Preference is given to di- and triglycerides, fatty
alcohols, their esters or ethers, waxes, lipid peptides
or mixtures thereof. Use is made in particular of
synthetic di- and triglycerides as individual
substances or in the form of a mixture, such as in the
form of a hard fat, for example. Examples of glyceryl
tri-fatty acid esters are glyceryl trilaurate, glyceryl
trimyristate, glyceryl tripalmitate, glyceryl tri-
stearate or glyceryl tribehenate.
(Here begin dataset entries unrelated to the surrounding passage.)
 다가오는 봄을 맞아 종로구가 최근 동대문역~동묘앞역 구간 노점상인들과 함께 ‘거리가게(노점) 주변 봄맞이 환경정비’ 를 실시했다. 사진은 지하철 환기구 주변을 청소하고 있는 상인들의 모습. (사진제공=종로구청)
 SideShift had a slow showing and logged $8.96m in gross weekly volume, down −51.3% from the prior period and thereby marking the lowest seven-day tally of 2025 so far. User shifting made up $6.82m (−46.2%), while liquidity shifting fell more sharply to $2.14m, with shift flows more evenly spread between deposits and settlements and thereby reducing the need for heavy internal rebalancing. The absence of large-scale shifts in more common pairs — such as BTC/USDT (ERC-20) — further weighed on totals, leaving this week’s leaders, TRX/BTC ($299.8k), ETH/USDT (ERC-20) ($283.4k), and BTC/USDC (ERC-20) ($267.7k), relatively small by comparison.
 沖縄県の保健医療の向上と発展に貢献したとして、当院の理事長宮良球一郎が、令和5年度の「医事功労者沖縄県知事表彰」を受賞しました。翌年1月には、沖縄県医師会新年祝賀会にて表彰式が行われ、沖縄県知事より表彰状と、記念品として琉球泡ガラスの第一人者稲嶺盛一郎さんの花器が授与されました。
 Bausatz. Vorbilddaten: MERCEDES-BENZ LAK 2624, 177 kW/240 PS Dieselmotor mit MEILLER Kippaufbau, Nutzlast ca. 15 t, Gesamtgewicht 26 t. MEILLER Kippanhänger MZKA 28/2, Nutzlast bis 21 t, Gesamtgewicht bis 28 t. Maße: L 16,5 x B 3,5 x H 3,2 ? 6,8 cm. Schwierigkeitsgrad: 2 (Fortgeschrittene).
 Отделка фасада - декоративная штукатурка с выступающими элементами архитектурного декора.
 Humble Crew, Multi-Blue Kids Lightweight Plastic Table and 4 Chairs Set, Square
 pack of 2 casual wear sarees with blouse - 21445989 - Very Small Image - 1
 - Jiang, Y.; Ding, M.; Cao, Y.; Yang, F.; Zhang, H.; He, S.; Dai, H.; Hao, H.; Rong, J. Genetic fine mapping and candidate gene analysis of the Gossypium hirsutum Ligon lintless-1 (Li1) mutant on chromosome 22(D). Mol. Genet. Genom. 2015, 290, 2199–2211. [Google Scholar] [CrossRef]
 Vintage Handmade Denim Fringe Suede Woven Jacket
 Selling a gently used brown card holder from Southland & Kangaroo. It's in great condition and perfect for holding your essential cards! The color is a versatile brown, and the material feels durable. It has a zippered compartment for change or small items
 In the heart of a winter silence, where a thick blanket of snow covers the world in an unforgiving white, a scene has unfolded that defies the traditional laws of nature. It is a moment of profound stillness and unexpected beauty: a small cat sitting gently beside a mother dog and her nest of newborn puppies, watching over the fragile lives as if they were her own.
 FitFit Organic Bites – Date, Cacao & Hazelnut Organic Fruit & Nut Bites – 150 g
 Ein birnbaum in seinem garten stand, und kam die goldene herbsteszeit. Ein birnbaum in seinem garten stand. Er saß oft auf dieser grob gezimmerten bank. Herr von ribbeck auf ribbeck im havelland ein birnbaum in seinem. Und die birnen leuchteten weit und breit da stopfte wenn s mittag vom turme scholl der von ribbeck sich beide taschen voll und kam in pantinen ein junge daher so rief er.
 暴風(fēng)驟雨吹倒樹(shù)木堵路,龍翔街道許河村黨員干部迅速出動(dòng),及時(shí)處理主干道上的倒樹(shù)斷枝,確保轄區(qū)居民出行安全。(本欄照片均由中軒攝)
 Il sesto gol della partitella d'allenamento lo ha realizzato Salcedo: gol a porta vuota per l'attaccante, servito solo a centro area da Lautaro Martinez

Waxes which can be
used in accordance with the invention are natural
waxes, such as plant waxes, animal waxes, mineral waxes
and petrochemical waxes, chemically modified waxes,
such as hard waxes, and synthetic waxes. For a listing
of suitable waxes reference may be made to Rompp
Chemielexikon, 9th edition, entry "Waxes". Examples of
suitable waxes are beeswax, carnauba wax, candelilla
wax, paraffin waxes, isoparaffin waxes, and rice wax.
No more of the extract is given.